In recent years, oil spills from offshore exploratory and production rigs have often resulted from equipment failure or human error, or a combination of both. Computerized equipment, not subject to constant monitoring and human oversight, has resulted in uncontrolled discharges of oil at many operations in various locations. After Hurricane Katrina, remote sensing equipment using Synthetic Aperture Radar on the “Radarsat” Canadian satellite detected extensive slicks of highly-toxic liquid natural gas consensate, a light oil, spreading throughout the Gulf of Mexico from damaged offshore natural gas drilling infrastructure at the Apache Field. Routine discharges of pollutants to ocean waters and the atmosphere are virtually identical for oil or for natural gas operations, except that every phase of gas production also releases fugitive emissions to the atmosphere from leakage from wellheads, compressors, and pipeline and processing components, and natural gas is a powerful accelerant to global climate warming. The worst case oil spill from an offshore rig was the Ixtoc I blowout incident on June 3, 1979, when a US rig operating 600 miles south of Texas lost drilling mud circulation, ran into high pressure gas, and suffered a blowout in which the oil caught fire and the platform collapsed. In the next few months, approximately 10,000 to 30,000 barrels of oil per day were discharged into the Gulf of Mexico until the blowout was finally capped the following year, on March 23, 1980. At one time during this blowout, ten percent of the surface of the Gulf of Mexico was covered with slick or sheen, and tar balls washed ashore on the beaches of Padre Island in Texas.

(4) Oil spills from pipelines and tankers transporting offshore oil:

California’s “Torch” pipeline oil spill, and Alaska’s Cook Inlet “Cross-Timbers” oil spill, represent recent examples of highly-automated subsea oil pipelines that have leaked for extensive periods of time without the source of the leaks being detected. Since any oil produced from offshore drilling operations that lie beyond existing pipeline infrastructure is inevitably transported by barge or tanker to refining centers, there is a constant risk of a tanker spill that can originate from any point in transit.
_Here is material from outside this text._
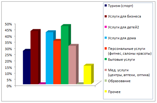 Наибольшее количество предложений франшиз было в секторе услуг для бизнеса: консалтинг, реклама, обслуживание компьютерного оборудования и др. Также хорошо представлены на рынке такие услуги как парикмахерские, салоны красоты, фитнес-центры. Сохранил свои позиции туристический сектор. Отставание сектора услуг от других в предыдущий период времени во многом связано с общими тенденциями в сфере услуг, а с точки зрения франчайзинга, с более длительным и сложным характером разработки концепции и Системы франчайзинга в организациях, оказывающих услуги. Это объясняется нематериальным характером услуги, необходимостью формирования стандартов по всем этапам процесса оказания услуги, широким спектром требований к менеджменту и сотрудникам, непосредственно работающим с потребителями услуги. Торговая марка в секторе услуг несет потребителю информацию не о конкретном материальном продукте, а о процессе, а вернее о стандарте этого процесса, его качестве, формате оказания услуги. В отличие от товарного франчайзинга, где основным продуктом является конкретный товар и франчайзинга в питании, где системы сориентированы на технологии приготовления пиши, во франчайзинге услуг принципиально важными являются ноу-хау, а также знания и навыки сотрудников, их квалификация, личные достижения и мастерство, коммуникабельность и качество общения с непосредственными потребителями услуги.

In addition, massive floating offshore oil storage facilities, now being expanded in the Gulf of Mexico and planned for other regions, represent the risk of very large spills.

(5) Air pollution from offshore drilling operations:

Oil and natural gas drilling and production operations offshore generate a suite of air pollutants, including ozone, oxides of Nitrogen, and sulfur compounds. Each gas well releases 50 tons of nitrogen oxides (NOx), 13 tons of carbon monoxide, 6 tons of sulfur dioxide, and 5 tons of volatile organic carbons (VOC’s). The platforms themselves annually generate another 50 tons of NOx, 11 tons of carbon monoxide, 8 tons of sulfur dioxide, and 38 tons of VOC’s. Because drilling rigs offshore lie outside of the regulatory jurisdiction of onshore air quality management districts, coastal states generally have little authority over air emissions from the rigs. Tankering and barging also generate emissions from the transportation of produced crude oil, both as a result of the burning of vessel fuel and from fugitive hydrocarbon emissions from the loading and offloading of tankships.